Bavinck pleitte reeds voor een drietrapsraket: de familie als
eerste bij een relatie, vervolgens een taak voor de overheid en
tenslotte een ceremonie van de kerk.
In de tweede ronde wordt gewezen op beleid dat in de classis
Groningen reeds gemaakt is. Ook wordt een gezamenlijk advies met
de NGK gewenst. Door prof. De Bruijne wordt er op gewezen dat het
burgerlijk huwelijk iets is van de laatste paar honderd jaar,
toen er geen sprake meer was van een staatskerk en een
christelijke overheid.
In de besluitronde wordt een amendement van ds. Ophoff, om bij
besluit 1 de zin “hoe in de toekomst om te gaan met de
verschillende vormen van samenleving die publiek en juridisch
vastgelegd zijn tussen één man en één vrouw, als wettelijke
regeling van het huwelijk in bijbelse zin” te vervangen door “hoe
je als kerken omgaat.....” aangenomen (voor 33, tegen 1 en
onthouding 1). Een tweede amendement van ds. Ophoff om bij
besluit 1, grond 3, de woorden “gegrond op de Bijbel” te
vervangen door “zoals de Bijbel er over spreekt”, wordt
aangenomen met algemene stemmen. Een voorstel van br.

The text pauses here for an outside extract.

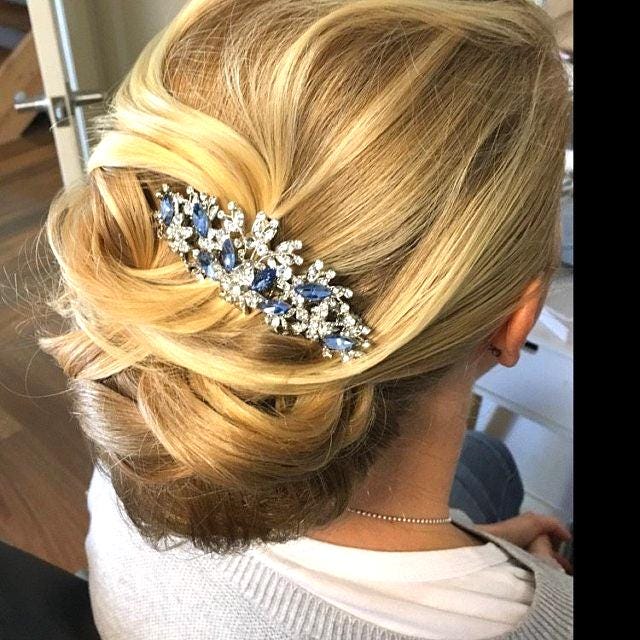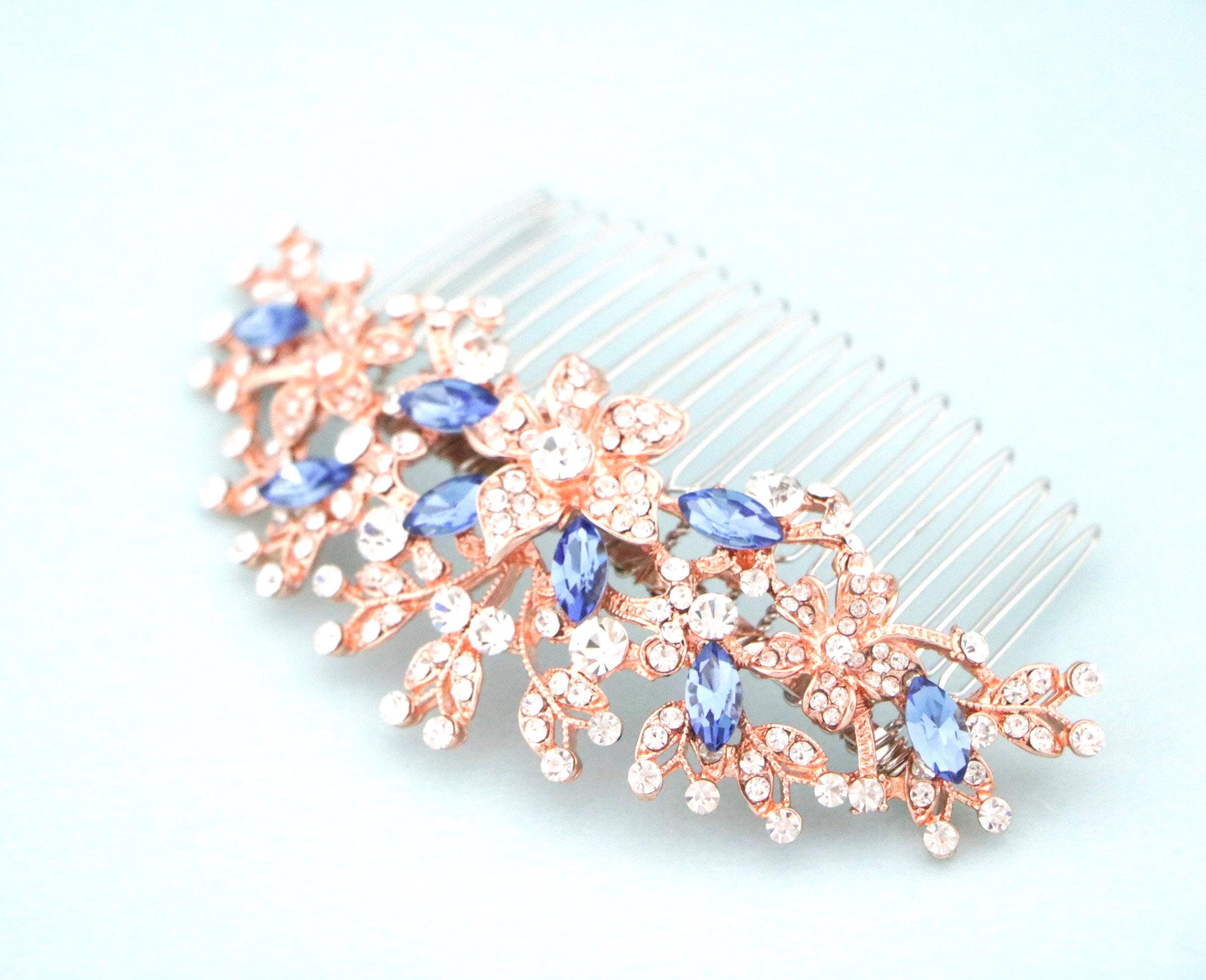 This is a gorgeous hair comb. I bought it to stick in the side of a French twist hair style to go with my navy colored mother of the bride gown for my daughter's wedding. I bought this in the rose gold, as it matches the rose gold jewelry that I will wear with the gown. The comb is a good size and looks beautiful. I love the packaging as well.

J. Feenstra
om een besluit 1b toe te voegen: “kerkenraden de bevoegdheid te
geven de afgesproken voorwaarden bij een geregistreerd
partnerschap te wegen in hoeverre zij voldoen aan de kenmerken
van een huwelijk naar bijbelse maatstaven en deze weging te
betrekken bij het kiezen van de juiste pastorale begeleiding van
gemeenteleden”, haalt het niet (voor 2, tegen 32 en onthouding
1)
Besluit 1 wordt genomen met algemene stemmen. Besluit 2 met 33
stemmen voor bij 2 onthoudingen.
De preses dankt de commissie en adviseurs: de besluiten die we namen hebben alles te maken met de ontwikkelingen in onze samenleving waar het burgerlijk huwelijk zich steeds verder verwijdert van het bijbels huwelijk en er allerlei zelf in te vullen nieuwe relatievormen zijn. In trouw aan de Here en zijn Woord en met honorering van de eigen plaats en verantwoordelijkheid van kerk en staat moeten we adequaat reageren op de actuele situatie. Deputaten RKO en de RvA Huwelijk en Echtscheiding wensen we de wijsheid toe van de God, die het huwelijk tussen man en vrouw instelde, voor de opdracht die ze zojuist van ons hebben ontvangen.